## WORK ORDER
No pictures should be carried over. Output all other parts of the entries verbatim.

───

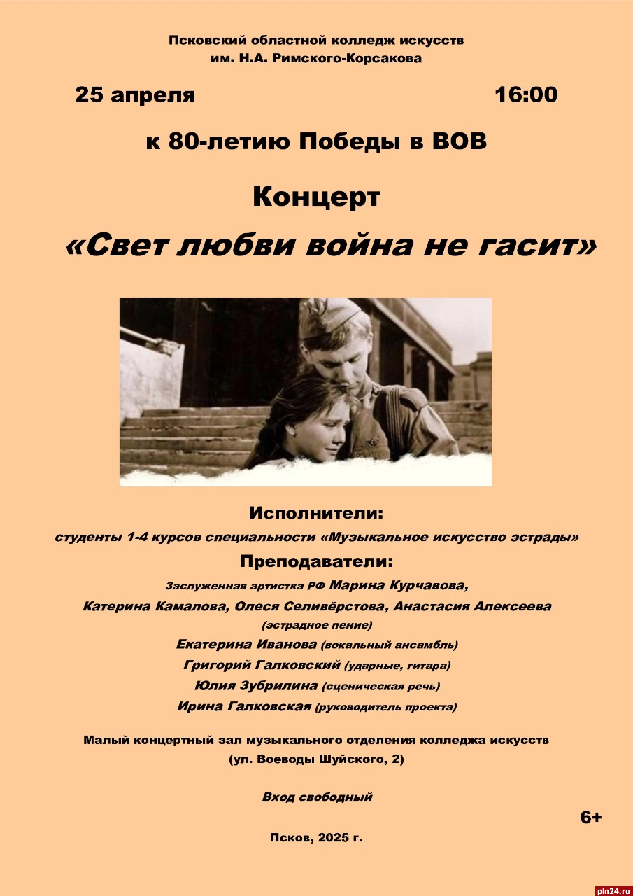 Концертную программу «Свет любви война не гасит», посвящённую 80-летию Победы в Великой Отечественной войне, подготовили вокалисты Псковского областного колледжа искусств им. Н.А. Римского-Корсакова. Об этом Псковской Ленте Новостей сообщили в колледже.
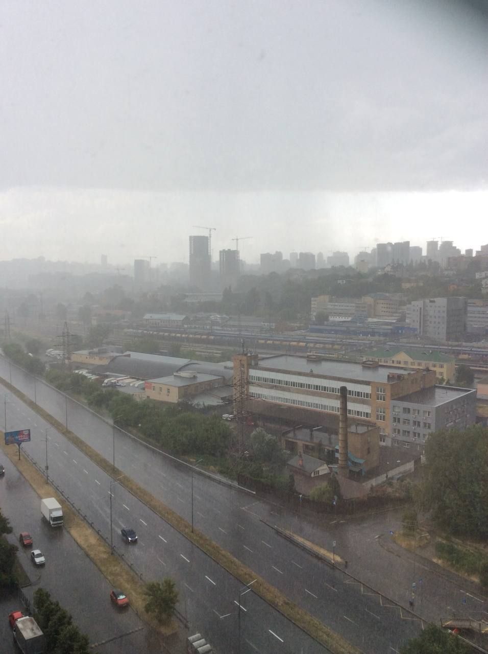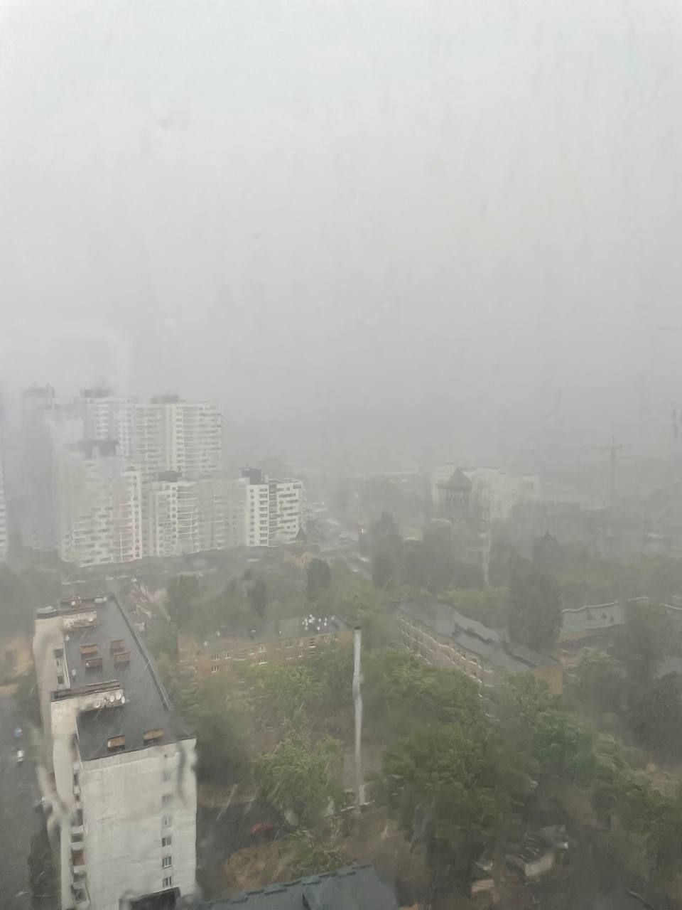 Згодом журналісти 24 Каналу розповіли, що Київ накрила потужна злива. Ба більше, подекуди навіть падав град.
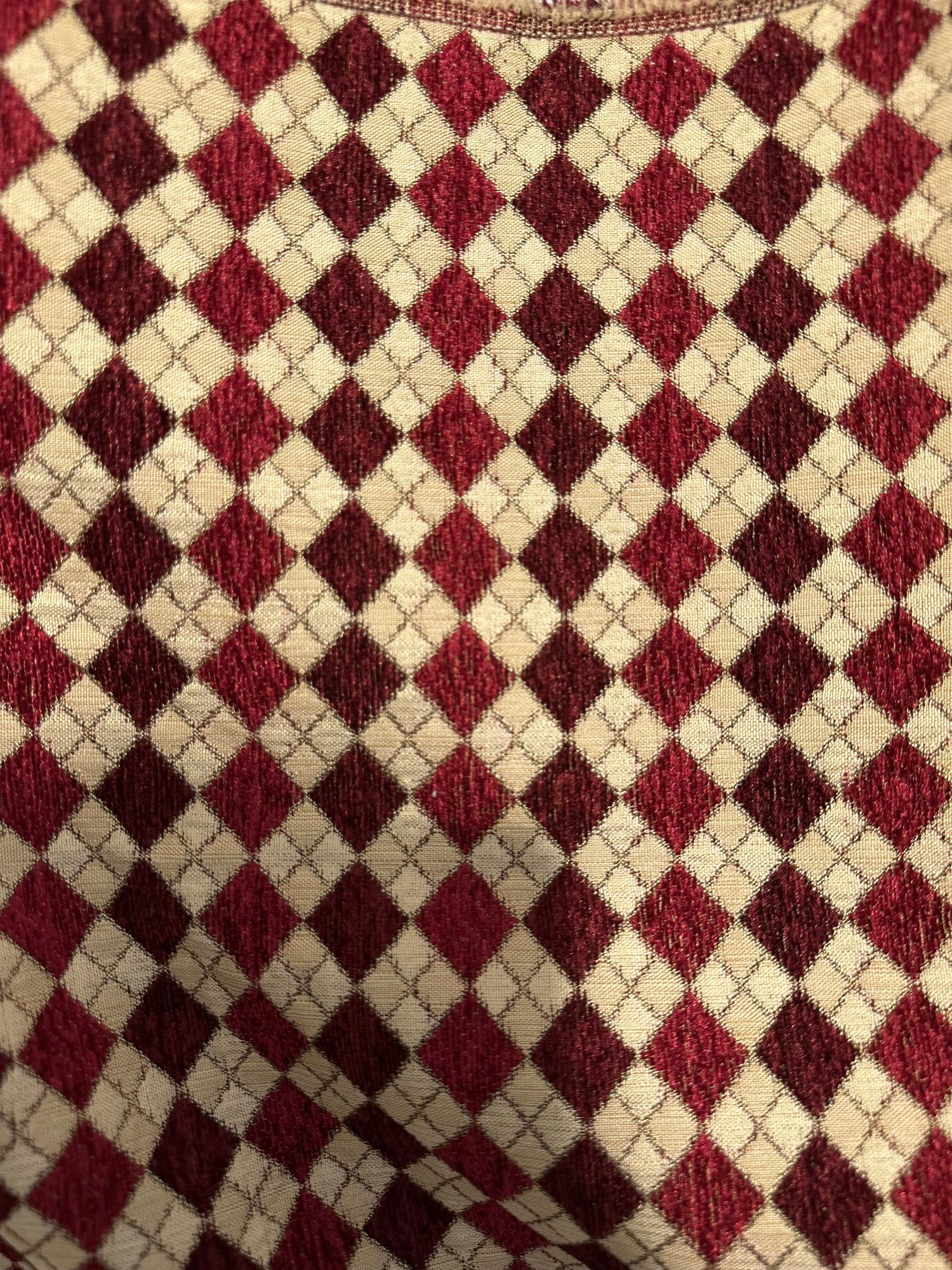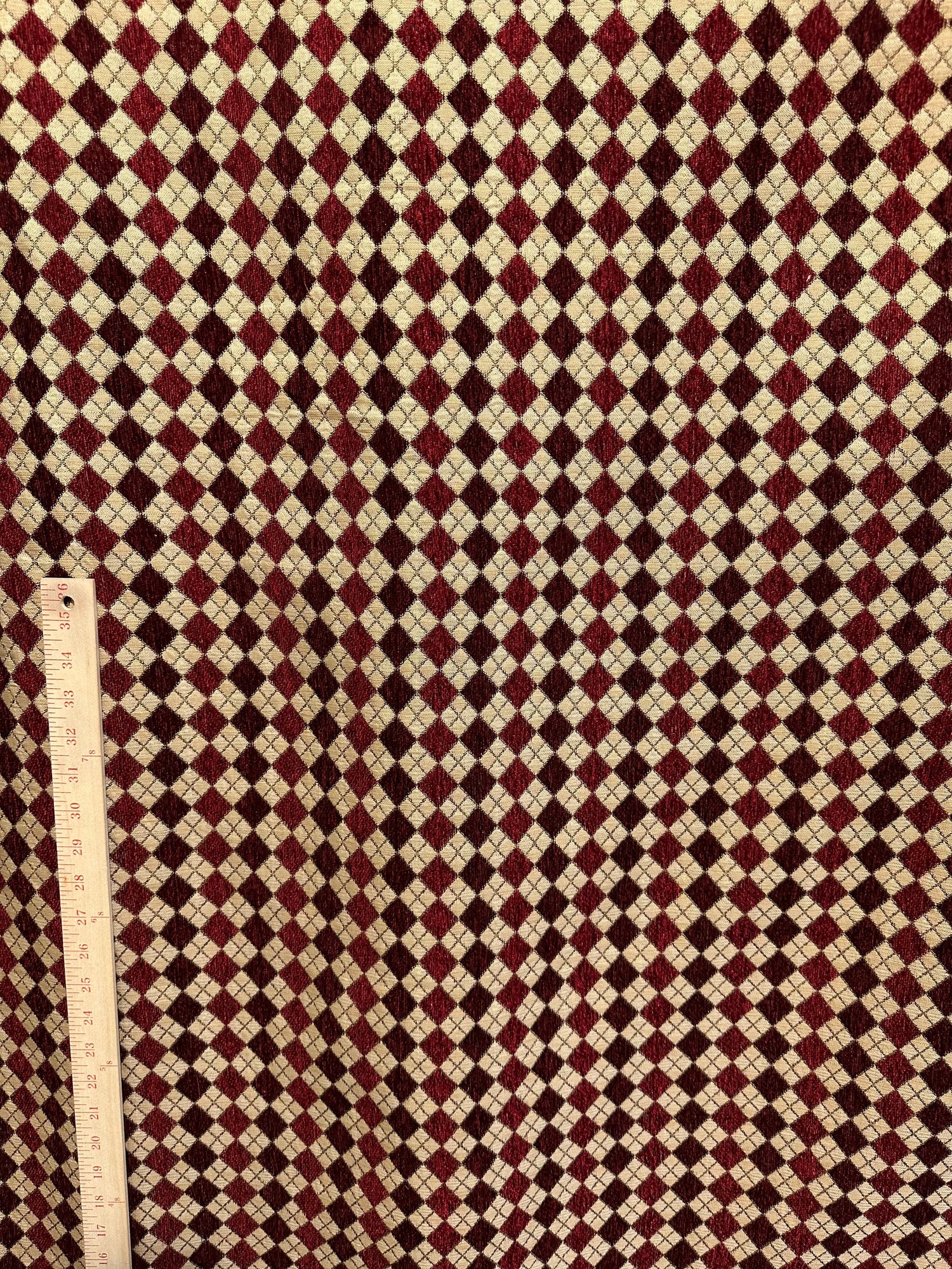 A beautiful, burgundy and beige, diamond chenille upholstery brocade fabric. Super high quality. Sold by the yard. (1 yard= 36 in.) Width is 56 in.
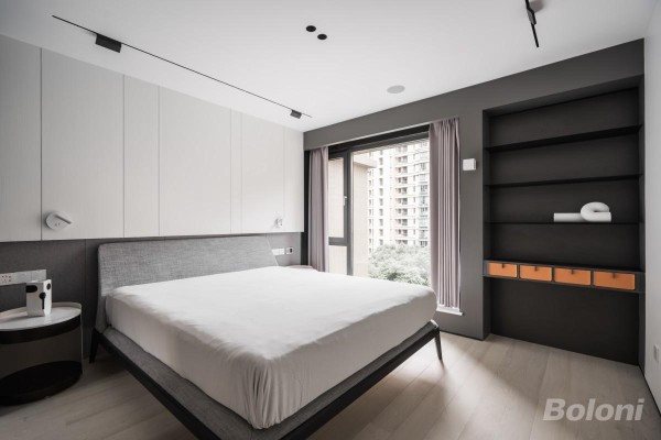 走廊尽头的主卧,用镂空柜体做视觉焦点,隐形踢脚线和超薄门套,让空间更精致入墙式的隐形衣柜拓展收纳空间,高级灰的质感与色调美化视觉体验。
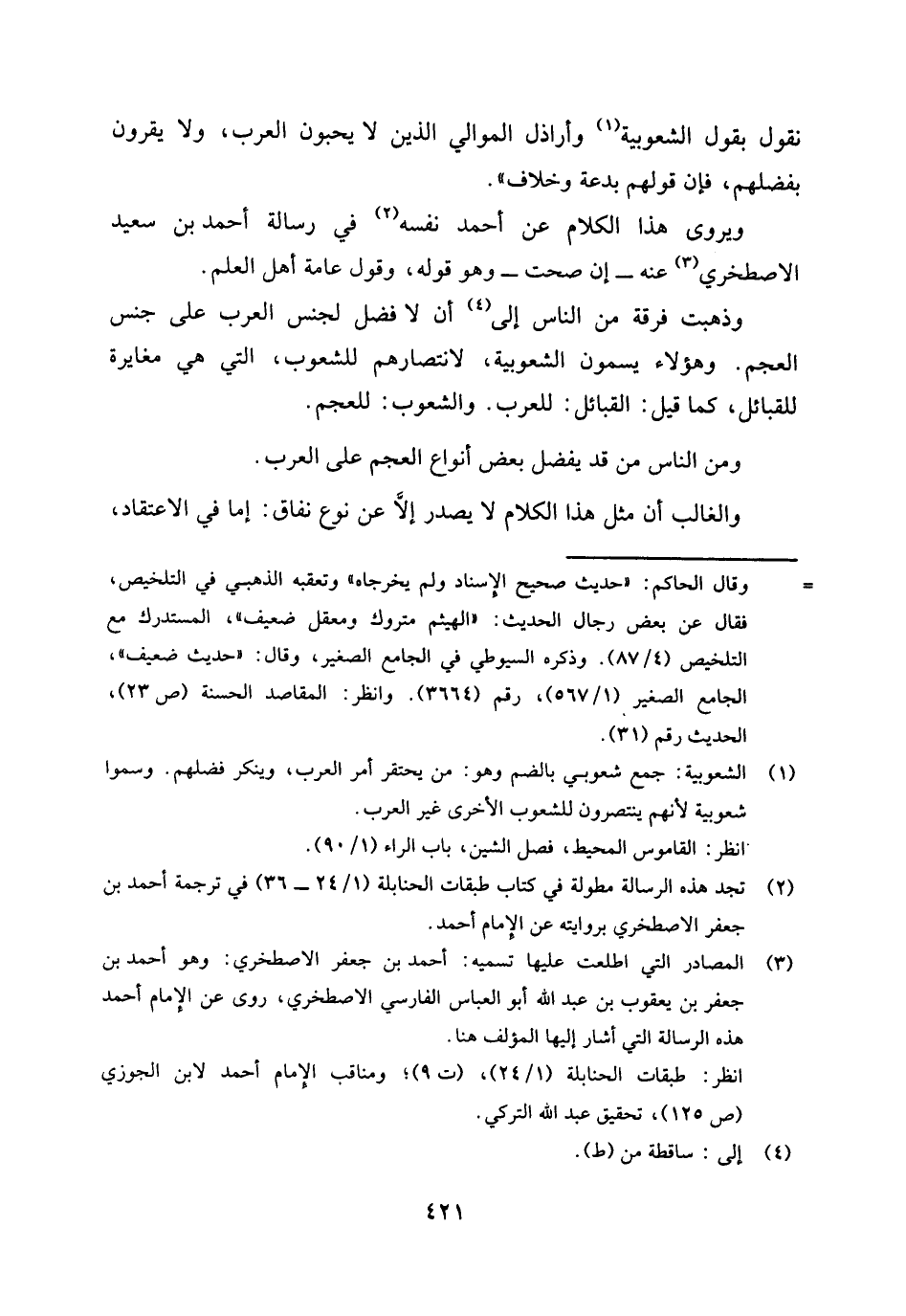 (¬1) الشعوبية: جمع شعوبي- بالضم - وهو: من يحتقر أمر العرب، وينكر فضلهم، وسموا: شعوبية؛ لأنهم ينتصرون للشعوب الأخرى غير العرب.
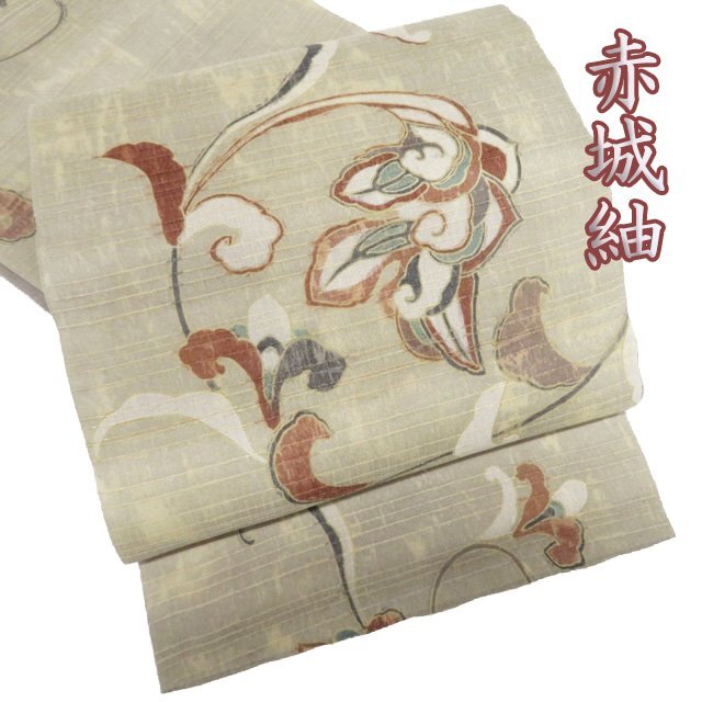 > 特選 袋帯 中古 リサイクル 正絹 カジュアル 仕立て上がり 全通 青柳 創柳庵 赤城紬 ラベル付き 花模様 枯草色 多色 きもの北條 A1150-9
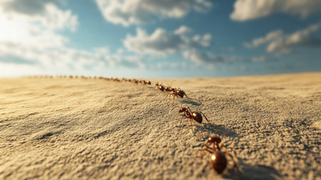 A line of ants marching across a sandy surface with a large area of empty sky above for text.
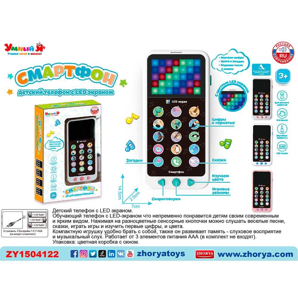 Телефон ZYE-E0596 Умный Я с LED экраном, русск. озвуч., на батарейках, в кор.
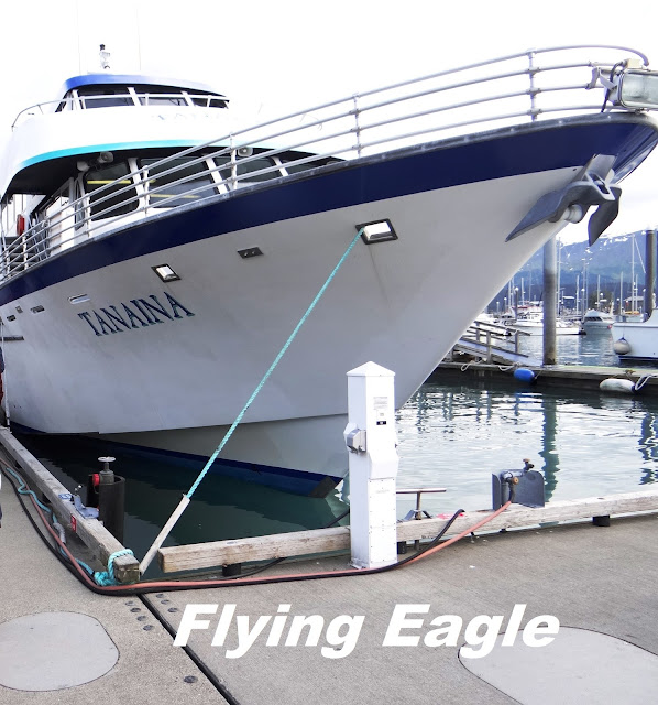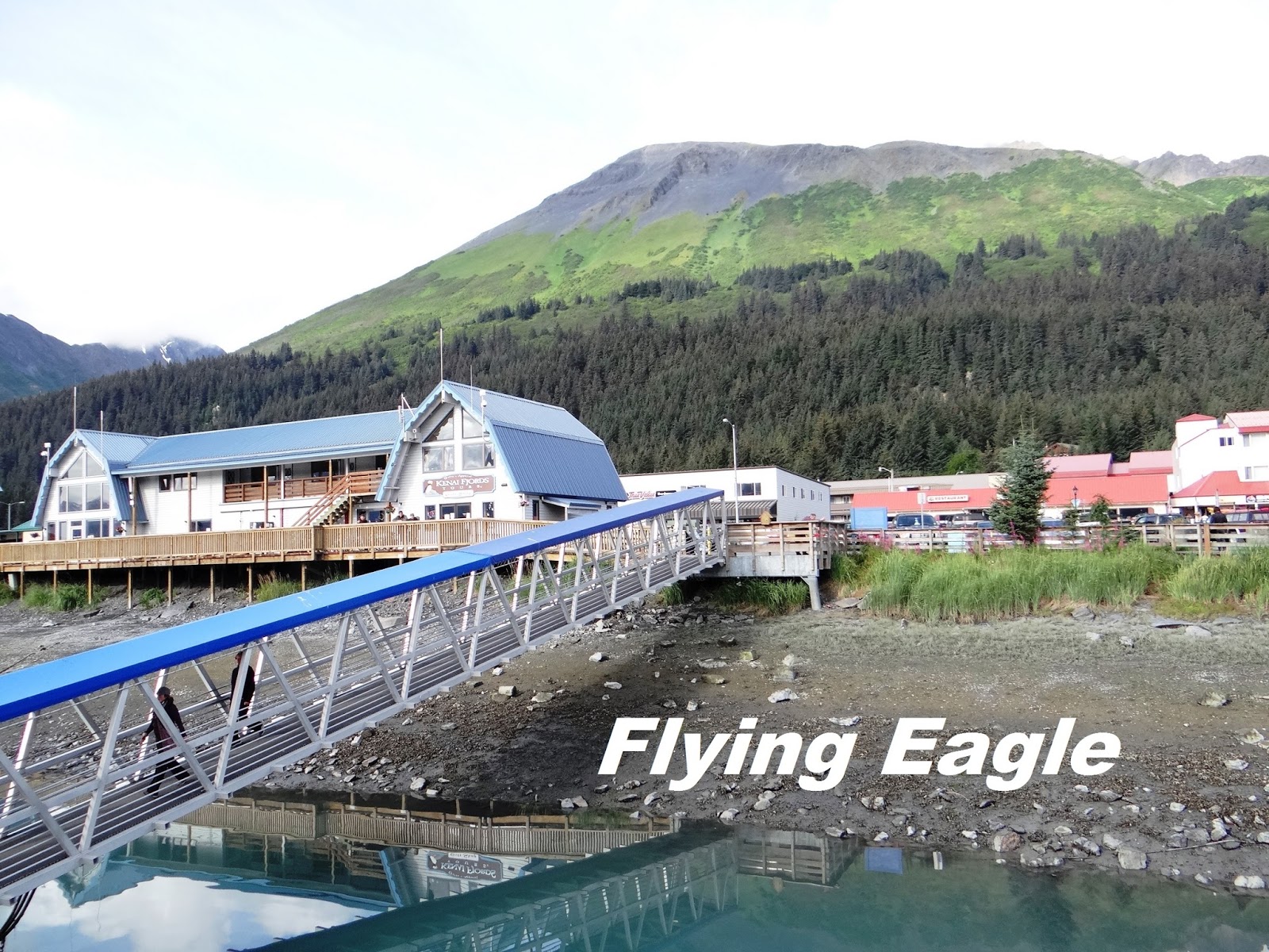 我們在住宿的Holiday Inn Express用過早餐後,從飯店後的木板步道前往我們的船Tanaina。也許是因為光線不一樣吧,清晨的Seward呈現出和黃昏時分不同的風貌。清晨的山很明顯有三層顏色:墨綠、鮮綠和灰,不留心還真看不到。

───

## RESULT OF THIS EXERCISE
 Концертную программу «Свет любви война не гасит», посвящённую 80-летию Победы в Великой Отечественной войне, подготовили вокалисты Псковского областного колледжа искусств им. Н.А. Римского-Корсакова. Об этом Псковской Ленте Новостей сообщили в колледже.
 Згодом журналісти 24 Каналу розповіли, що Київ накрила потужна злива. Ба більше, подекуди навіть падав град.
 A beautiful, burgundy and beige, diamond chenille upholstery brocade fabric. Super high quality. Sold by the yard. (1 yard= 36 in.) Width is 56 in.
 走廊尽头的主卧,用镂空柜体做视觉焦点,隐形踢脚线和超薄门套,让空间更精致入墙式的隐形衣柜拓展收纳空间,高级灰的质感与色调美化视觉体验。
 (¬1) الشعوبية: جمع شعوبي- بالضم - وهو: من يحتقر أمر العرب، وينكر فضلهم، وسموا: شعوبية؛ لأنهم ينتصرون للشعوب الأخرى غير العرب.
 > 特選 袋帯 中古 リサイクル 正絹 カジュアル 仕立て上がり 全通 青柳 創柳庵 赤城紬 ラベル付き 花模様 枯草色 多色 きもの北條 A1150-9
 A line of ants marching across a sandy surface with a large area of empty sky above for text.
 Телефон ZYE-E0596 Умный Я с LED экраном, русск. озвуч., на батарейках, в кор.
 我們在住宿的Holiday Inn Express用過早餐後,從飯店後的木板步道前往我們的船Tanaina。也許是因為光線不一樣吧,清晨的Seward呈現出和黃昏時分不同的風貌。清晨的山很明顯有三層顏色:墨綠、鮮綠和灰,不留心還真看不到。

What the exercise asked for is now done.